-- Exercise material follows --
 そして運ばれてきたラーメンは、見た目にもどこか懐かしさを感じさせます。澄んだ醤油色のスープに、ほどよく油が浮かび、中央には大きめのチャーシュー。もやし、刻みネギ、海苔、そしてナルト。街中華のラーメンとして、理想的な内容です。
-- Exercise material concluded --
-- Exercise material follows --
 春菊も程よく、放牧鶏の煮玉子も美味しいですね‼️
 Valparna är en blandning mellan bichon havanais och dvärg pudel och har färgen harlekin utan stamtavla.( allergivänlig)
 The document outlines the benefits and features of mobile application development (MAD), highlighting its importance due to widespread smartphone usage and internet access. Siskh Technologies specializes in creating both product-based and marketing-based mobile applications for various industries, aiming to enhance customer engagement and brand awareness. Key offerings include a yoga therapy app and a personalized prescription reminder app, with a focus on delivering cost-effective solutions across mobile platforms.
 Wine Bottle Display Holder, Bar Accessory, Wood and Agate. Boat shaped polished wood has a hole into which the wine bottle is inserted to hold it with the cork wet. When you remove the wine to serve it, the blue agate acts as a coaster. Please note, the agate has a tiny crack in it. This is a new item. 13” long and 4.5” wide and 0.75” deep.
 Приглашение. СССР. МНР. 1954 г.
-- Exercise material concluded --
__What is needed__:
Beginning at the line above that contains "Wine Bottle Display", return each line exactly through the line that contains "Приглашение. СССР. МНР. 1954 г.", and no others.

__Response below__:
 Wine Bottle Display Holder, Bar Accessory, Wood and Agate. Boat shaped polished wood has a hole into which the wine bottle is inserted to hold it with the cork wet. When you remove the wine to serve it, the blue agate acts as a coaster. Please note, the agate has a tiny crack in it. This is a new item. 13” long and 4.5” wide and 0.75” deep.
 Приглашение. СССР. МНР. 1954 г.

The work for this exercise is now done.